Wenn du genauer beschreibst was genau du nicht verstehst kann ich versuchen ob ich dir das nicht erklären kann. 

Aber das ganze Howto von a-z zu erklären, will ich nicht


----------



## xloouch (20. August 2003)

eigentlich will ich nur wissen, wie ich die 2 netzwerkkarten miteinander verbinden kann. die eine ist mit 192.168.0.0/24 als subnetz deklariert. die andere bezieht ihre ip vom modem, welches am tv kabel angeschlossen ist.

wenn ich route -n eingebe erscheint das :

destination              gateway       genmask                 flags  metric  ref   use iface
255.255.255.255   0.0.0.0          255.255.255.255   UH      0           0      0      eth0
192.168.0.0             0.0.0.0         255.255.255.0         U        0           0      0      eth0



Nun eth0 ist die netzwerkadresse, welche den dhcp server laufen hat. eth1 ist im moment gar nicht angeschlossen, da ich mit meinem xp rechner im netz bin. 

wie mache ich es jetzt, das ich die 2 Netze aufeinander routen kann?
die IP adresse am eth1 wird mir, wie oben erwähnt vom modem zugespielt...

ich hoffe, dies ist genügend gut erklährt...


----------



## hulmel (20. August 2003)

Fast die selbe Konfiguration wie bei mir. Du kannst IP-Weiterleitung  (IP-Forwarding) im YaST unter Netzwerk einschalten.
Ich nehme für das lieber einen Proxy (Squid), ist sicherer für Windows.


----------



## hulmel (20. August 2003)

Hätte ich beinahe überlesen: Sambaproblem
Ich hab mal eine Beispiel-smb.conf unter http://www.hulmel.de/smb.conf abgelegt.
Oder schau mal unter http://sg.samba.org/samba/docs/man/smb.conf.5.html nach, die komplette man-page.


----------



## xloouch (20. August 2003)

nur noch ne frage. bei jast nur die IP Adresse eingeben und es ?


----------



## hulmel (20. August 2003)

YaST -> Netzwerk/Basis -> Konfiguration der Netzwerkkarte (Ändern) -> Routing -> IP-Weiterleitung aktivieren.
Oder hab' ich die Frage flahcs verstanden?


----------



## xloouch (21. August 2003)

sorry. aber diese option hab ich nirgends. habs über yast2 im eingabe modus probiert. dort ist auch nichts.. dieses startet, wenn ich yast eingabe...


----------



## Christian Fein (21. August 2003)

> _Original geschrieben von xloouch _
> *
> Nun eth0 ist die netzwerkadresse, welche den dhcp server laufen hat. eth1 ist im moment gar nicht angeschlossen, da ich mit meinem xp rechner im netz bin.
> *



Genau das steht schritt für schritt in dem Howto erklärt.
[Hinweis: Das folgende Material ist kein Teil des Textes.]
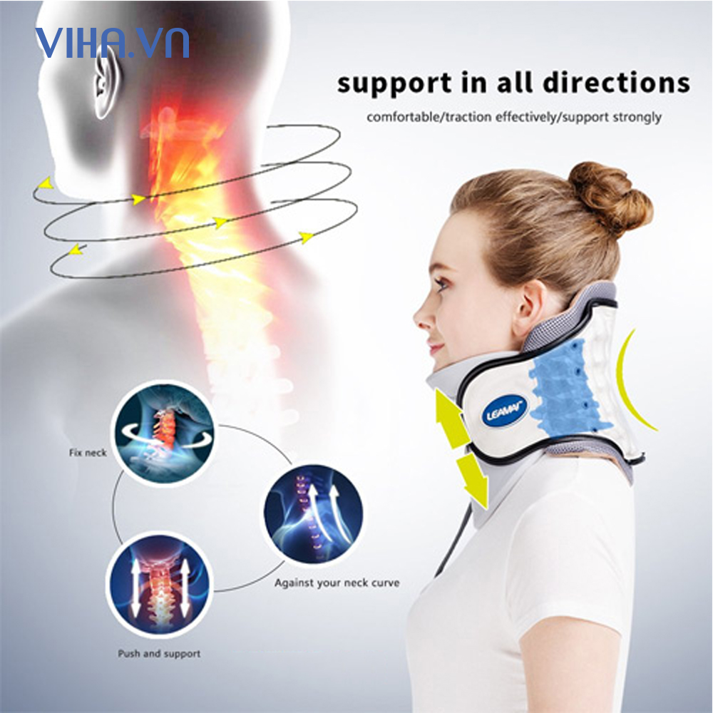 - Lực kéo 3 chiều giúp kéo giãn cơ cổ, giải phóng chèn ép, kéo giãn đốt sống cổ một cách hiệu quả và mạnh mẽ.

Les einfach den Theoretischen Part und führe dann 5.1.2 durch.
Du musst um dieses Howto auszuführen nicht alles verstehen, ist ein wenig kompliziert.
Aber dennoch. 

Die ip-up.local usw kannst du fast copy & paste von dem 'Howto übernehmen. Wenn deine netzwerkkarten zudem noch richtig installiert sind

man ifconfig

dann funktioniert das ohne probleme.


----------



## xloouch (21. August 2003)

ich meinte bezüglich des 2. links, den du mir gegeben hast. mit dem ersten kann ich ja nichts anfangen, wegen meiner leitung ins netz


----------



## Christian Fein (21. August 2003)

Stimmt mein Fehler.

Du hast doch einen Gateway zugewiesen bekommen oder? 
Sorry ich habe keine Ahnung wie genau das bei den Stromnetzen
läuft.


----------



## xloouch (21. August 2003)

also. ich kriege meinen gateway vom modem her zugewiesen. dieser wird ja auf dem server gespeichert. nun muss ich irgendwie die 2 netzwerkkarten miteinander  "verbinden", damit ich ne verbindung von meinem xp-rechner auf die 2. netzwerkkarte im server kriege. ist das richtig so?


----------



## hulmel (21. August 2003)

/etc/sysconfig/sysctl
Dort solle "IP_FORWARD=no" drin stehen. Einfach mal auf "yes" setzen und rebooten.


----------



## xloouch (27. August 2003)

*Probleme mit Samba*

Hallo.. Also nun komme ich zu einem weiteren Problem. Und zwar ist das Samba. Hab in installiert, unter Webmin läuft er, hab alles installiert, wie es sollte, nur kriege ich keine Verbindung mit meinem PC (XP). Wieso nicht?
Muss ich für den Rechner (Rechnername: stdgnadirap) auch einen eigenen login machen auf der linuxmaschine, oder was sonst? Hab zudem ein log-on-script geschrieben, in der smb.conf auch an der richtigen stelle eingetragen aber dieses startet auch nicht.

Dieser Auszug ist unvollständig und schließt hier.